Remediation Plan for Virtual Machine Escape Vulnerability on QEMU-KVM Virtualization Platform

Friendly Reminder: The full text contains over 6200 words, estimated reading time is 16 minutes.

Abstract

In public cloud environments, users no longer own the hardware resources of the infrastructure; software runs in the cloud, and business data is also stored in the cloud. Therefore, security issues are one of the main concerns for users when deciding whether to migrate to the cloud.

The security of public clouds involves multiple aspects such as virtualization security, management security, and data security. The key core and security premise is virtualization security, as only by addressing this issue can the unique security problems of the cloud environment be gradually and comprehensively resolved, ultimately providing users with a secure cloud environment.

Therefore, the security prevention, response, and problem-handling capabilities of cloud service providers are particularly important.

1. Vulnerability Overview

Recently, a buffer overflow vulnerability (CVE-2019-14835) was discovered in the vhost kernel module of the QEMU-KVM virtualization platform, which could be exploited during the hot migration of virtual machines. Privileged guest users can pass invalid-length descriptors to the host, escalating their privileges on the host, and thereby executing virtual machine escape attacks, manipulating the virtual machine to crash the host kernel or execute malicious code in the physical machine kernel, gaining control of the host.

2. Introduction to virtio Networking

Virtio is a standardized open interface developed for virtual machines to access simplified devices, such as block devices and network adapters. Virtio-net is a virtual Ethernet card and is the most complex device supported by virtio to date.

Figure 1: vhost-net / virtio-net Architecture

Virtio networking has two layers (as shown in Figure 1):

1. Control plane: Used for establishing and terminating the capability exchange negotiation between the host and the guest.

2. Data plane: Used for transmitting actual data between the host and the client.

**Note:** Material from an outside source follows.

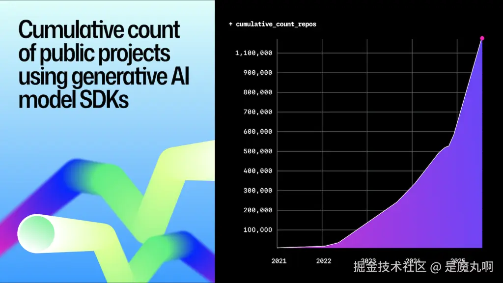 113 万+公共仓库现在依赖生成式 AI SDK(同比增长 178%)。超过 693k+ 在过去 12 个月内创建,明显超过 2024 年的总数(约 40 万)。始于 2023 年初的复合曲线显示没有减弱的迹象;平均每周,我们仍然看到新的历史最高点。

The control plane is based on the virtio specification, defining how to create control and data planes between the guest and host. For performance reasons, the data plane does not adopt the virtio specification but uses the vhost protocol for data transmission.

As shown in Figure 1, the component located in the guest in virtio is virtio-net, which runs as a frontend in the guest kernel space, while the component located in the host is vhost-net, which runs as a backend in the host kernel space.

Figure 2: Data Transmission in Virtio Networking

In the actual data plane communication process, sending and receiving are accomplished through dedicated queues (as shown in Figure 2). For each virtual CPU, a send and a receive queue are created.

The above describes how the guest uses virtio networking to pass packets to the host kernel. To forward these packets to other clients running on the same host or outside the host (such as the internet), OVS is required.

OVS is a software switch that allows packet forwarding in the kernel. It consists of a user space part and a kernel part (as shown in Figure 3):

User space: Includes the database for managing and controlling the switch (ovsdb-server) and the OVS daemon (OVS-vswitchd).

Kernel space: Includes the ovs kernel module responsible for the data path or forwarding plane.

Figure 3: OVS Connecting Virtio Model

As shown in Figure 3, the OVS controller communicates with the ovsdb-server and the kernel layer’s forwarding plane, using two ports to push packets into and out of OVS. As shown in Figure 3, one port connects the OVS kernel forwarding plane to the physical NIC, while the other port connects to the vhost-net backend.

3. Attack Analysis

This vulnerability exists in the host’s vhost/vhost_net kernel module, which is a virtio network backend. The bug occurs during the hot migration process, where QEMU needs to know the dirty pages. The vhost/vhost_net uses a kernel buffer to record the dirty log but does not check the boundaries of the log buffer.

Therefore, we can forge the desc table in the guest, wait for migration or perform some actions (such as increasing the workload) to trigger the cloud provider to migrate this guest. When the guest is migrated, it will cause the host kernel’s log buffer to overflow.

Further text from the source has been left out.